As abordagens mais recentes da teoria das organizações procuram unir o estruturalismo
fenomenológico e o dialético, sintetizando as escolas de administração científica (de Taylor e
Fayol) e as relações humanas (de Mayo, embora com algumas críticas). O trabalho de Etzioni
(1965), estimulou, por exemplo, esforços para a análise de poder (superiores versus
empregados) quanto aos seus tipos, sua distribuição e seu efeito na motivação. Já Walker &
Guest (1962), incentivou a ampliação da quantidade de variáveis nos estudos de relações
humanas, que costumeiramente fracassavam devido a incapacidade de promover uma
significação (conclusões a casos aparentemente semelhantes). Assim, a análise estruturalista
das organizações considera como um sistema em constante relação de intercâmbio com seu
ambiente, explorando estruturas subjacentes da organização formal e informal nos diversos
campos (empresas, escolas, hospitais, etc.).

Referências
Caws, P. (1974). Operational, representational, & explanatory models. American
Anthropologist, 76 (1).
Etzioni, A. (1965). Political Unification. Nova Iorque, Holt, Rinehart and Winston Inc.

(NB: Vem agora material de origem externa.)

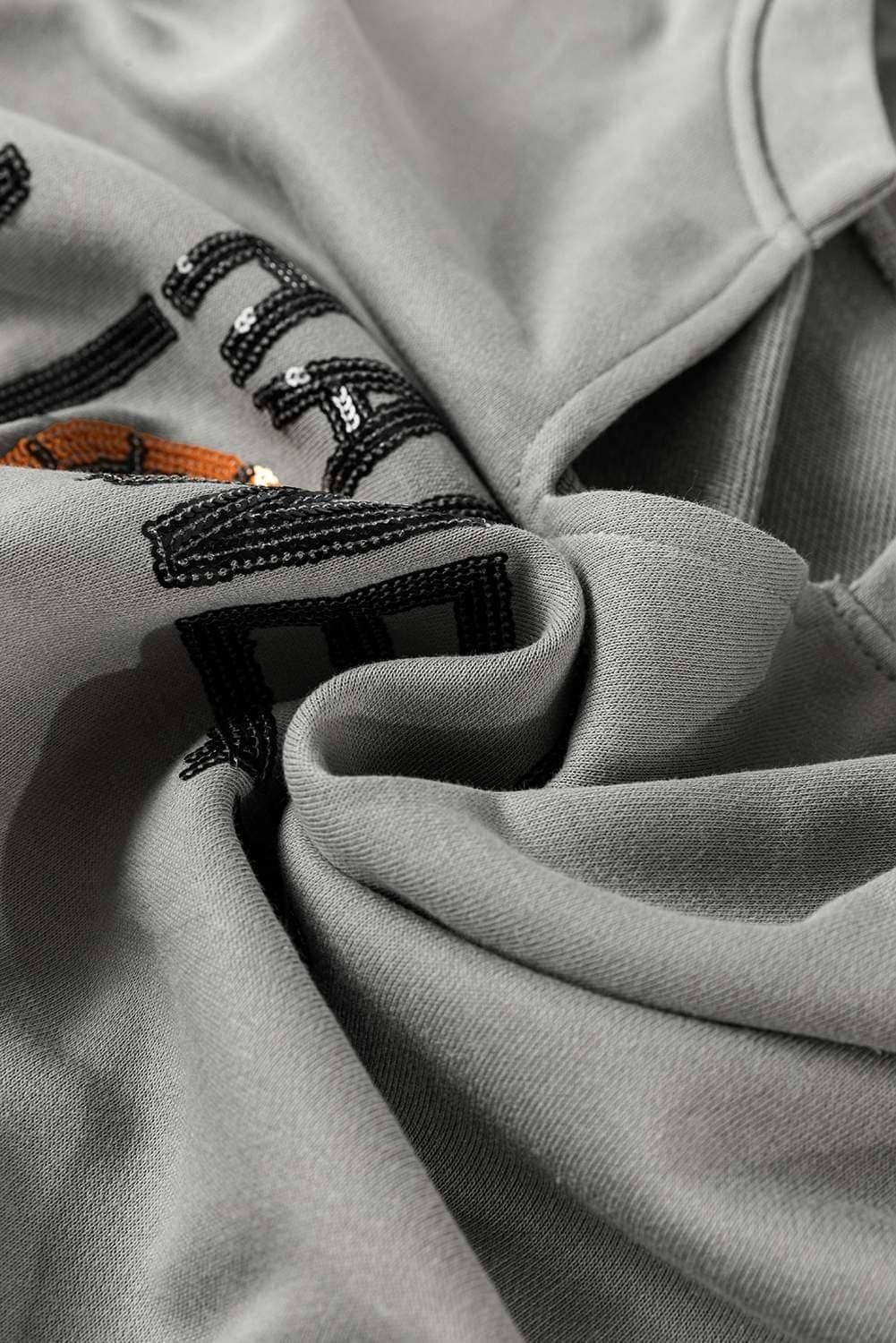 Medium Grey Sequin Happy Halloween Graphic Notched Neck Long Sleeve Loose Top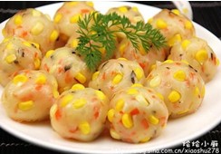 1、将芹菜剁成末,胡萝卜和泡软的香菇切小丁;2、土豆蒸熟去皮挤压成泥状,加入玉米淀粉,少许盐和糖、鸡精,抓捏均匀;3、加入胡萝卜、...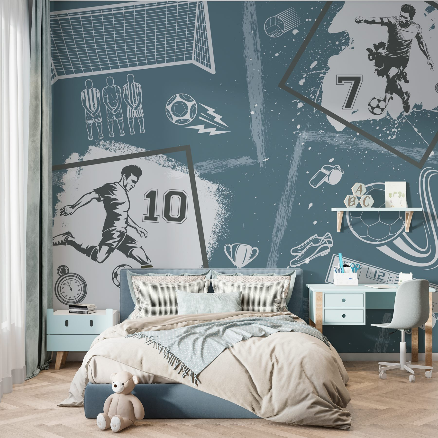 Transform any room into a sports haven with this eye-catching wall mural collage! Bursting with various soccer-themed images, it’s a knockout for fans and dreamers alike. Just picture it—your walls telling stories of epic goals, thrilling match days, and a true love for the game. The combination of dynamic player shots and playful graphics creates an energetic vibe that could ignite anyone’s competitive spirit. It’s like having a mini stadium right at home. Whether it’s game day or a cozy night in, this mural sets the perfect tone for passion and excitement—like that feeling when your favorite team scores and the room erupts in cheers! No doubt, it’ll inspire some friendly rivalries too. Who’s up for a game?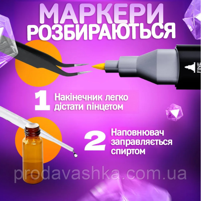 - Кожен маркер має два стрижні: кулеподібний та клиноподібний;
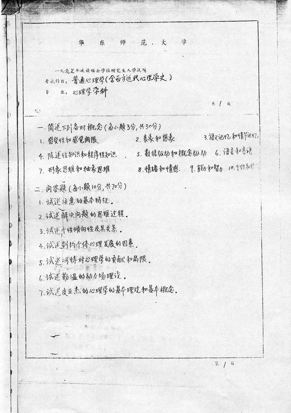 相关话题/华东师范大学 考研真题 心理学

Freund, J. (1968) Sociologie de Max Weber. Paris, Presses Universitaires de France. p. 53.
Garvin, P. L. (1955). A Prague school reader on esthetics, literary structure, and style. Front
Cover, Washington Linguistic Club.
Lévi-Strauss, C. (1958) Antropologia Estrutural, Antropologia Estrutural. Paris, Libraire Plon.
Lévi-Strauss, C. (1962). La pensée sauvage. Librairie Plon.
Lévi-Strauss, C. (1971). Entrevista de L'Express, 15 de março de 1971. Les entretiens de
L´Express. L'Express, 1983.
Lévi-Strauss, C. (1978). Myth and Meaning. University of Toronto Press.
Lévi-Strauss, C. (1993). Antropologia Estrutural Dois. Rio de Janeiro, Tempo Brasileiro.
Schultz, W., & Fried, L. L. B. (1992). Jacques Derrida: An Annotated Primary and Secondary
Bibliography. New York, NY, Routledge Revivals.
Lounsbury, M., & Ventresca, M. (2003). The new structuralism in organizational theory.
Organization, 10 (3), 457-480.
Saussure, F. (1916). Cours de linguistique générale. Edited by Charles Bally & Albert
Sechehaye.
Viet, J. (1967). Los métodos estructuralistas en las ciencias sociales. Buenos Aires: Amorrurtu
Editores.
Walker, C. R., & Guest, R. H. (1962). The Man on the Assembly Line. Cambridge, Harvard
University Press, 1962. C. R. Walker & R. H. Guest. The Man on the Assembly Line.
Cambridge, Harvard University Press.